Por que, então, maquiavélico se tornou sinônimo de diabólico? Na Inglaterra do século XVII, “Old Nick” virou até um dos nomes do coisa-ruim! Ribeiro explica: Maquiavel irritou as elites ao revelar a natureza pouco decente do poder. Não à toa, “O príncipe” foi proibido pela Igreja Católica. Cardoso lembra que os protestantes franceses fizeram a caveira do autor ainda no século XVI. Os chamados huguenotes se opunham à importação da cultura florentina por Franciso I e à rainha Catarina de Médici, filha da nobreza toscana e acusada de ser um “Maquiavel de saias” (ela é por vezes responsabilizada pelo massacre dos protestantes na infame Noite de São Bartolomeu, em 1572).
No século XX, porém, Maquiavel foi reabilitado por pensadores como o italiano Antonio Gramsci, os franceses Maurice Merleau-Ponty e Claude Lefort (que formou uma geração de maquiavelianos brasileiros) e os ingleses John Popock e Quentin Skinner. Professor da Fundação Escola de Sociologia e Política de São Paulo, Aldo Fornazieri explica que a crise das ideologias (do liberalismo ao marxismo), no final do século XX, e da própria democracia, nas últimas duas décadas, levou estudiosos a revistar Maquiavel num esforço para reanimar a política democrática. Além de não ocultar a divisão social, o florentino defendia que as boas leis nasciam justamente dos conflitos entre os “Grandes” e o povo.
— Na democracia liberal, as elites dominam o sistema político e servem-se eleitoralmente das massas, mas perdem a legitimidade ao chegar ao poder por não terem contato real com o povo. O conceito maquiaveliano de república implica participação e controle popular do poder — diz o autor de “Liderança e poder” (Contracorrente), no qual escreve que não há nada mais contrário a Maquiavel do que “governar contra o povo”. — A leitura de “O príncipe” é fundamental para entender como se processam as mudanças políticas. É uma teoria da liderança política que qualifica o que é um líder virtuoso, algo de que o mundo carece atualmente.
Obra mais controversa de Maquiavel, “O príncipe” ensina como governantes dotados de virtù são capazes de driblar a fortuna (o acaso, as circunstâncias) e se agarrar ao poder — nem que para isso atentem contra a virtude cristã. Mas virtù (que vem de vir, varão), não é sinônimo de vício. Muito pelo contrário. Fornazieri a descreve “a disposição para lutar pela liberdade, pela vida, por justiça, pelo grupo, pela comunidade, pela pátria”. Já Ribeiro afirma que virtù é “a ação humana planejada, consequente, com vistas a resultados”.
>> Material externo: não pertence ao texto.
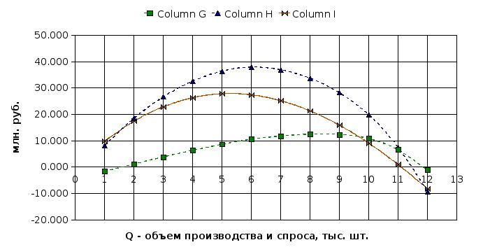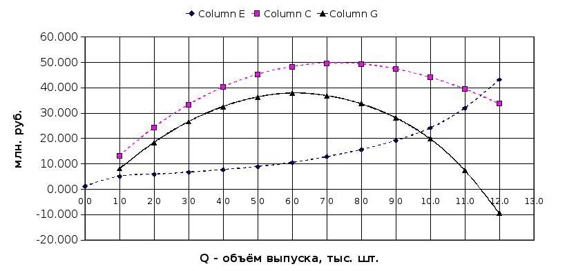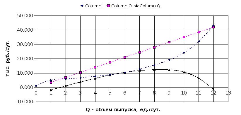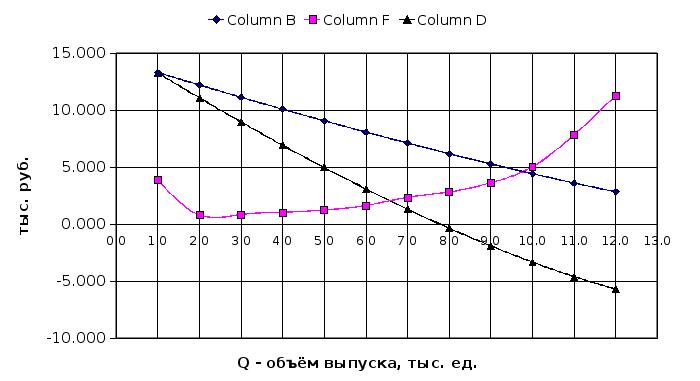 По приведённым ниже формулам произведём расчёт прибыли (убытков) фирмы при различных объёмах выпуска продукции. При расчёте будем использовать равновесную рыночную цену, определённую в предыдущем разделе работы.

Em seu livro, o ex-ministro da Educação questiona se os presidentes do Brasil desde a redemocratização governaram com virtù ou ao sabor dos vendavais da fortuna. Só Lula passou na prova: chegou ao poder e lá se manteve pela própria virtù. Fernando Henrique Cardoso conquistou o poder graças à fortuna (o Plano Real e a indicação do então presidente Itamar Franco avalizaram sua candidatura), mas teve a virtù de “conseguir a aliança das classes antes chamadas ‘conservadoras’, em torno de um projeto que incluía, ainda que modestamente, programas sociais”. Já Bolsonaro se elegeu favorecido pela fortuna (o humor popular rejeitava a política tradicional), mas sua falta de virtù o privou de um segundo mandato.
O príncipe, no entanto, não deve usar a virtù apenas para permanecer o poder, mas sobretudo para agir, para implementar mudanças que contemplem o humor popular. É essa, diz Ribeiro, a principal lição que a política brasileira pode tirar de Maquiavel.
— O Brasil precisa de muita mudança. Saímos do mapa da fome, mas voltamos. Nossos valores democráticos se mostraram muito frágeis — afirma Ribeiro, lembrando que, numa república, não só o príncipe, mas também o povo deve demonstrar virtù. — Seja o governo de esquerda ou de direita, a sociedade brasileira precisa assumir os valores da Constituição. Nos últimos anos, terceirizamos nossa democracia, como se a resistência a um golpe dependesse só dos EUA ou dos militares e não do povo. O que diferencia a democracia e de outros regimes é a virtù do povo.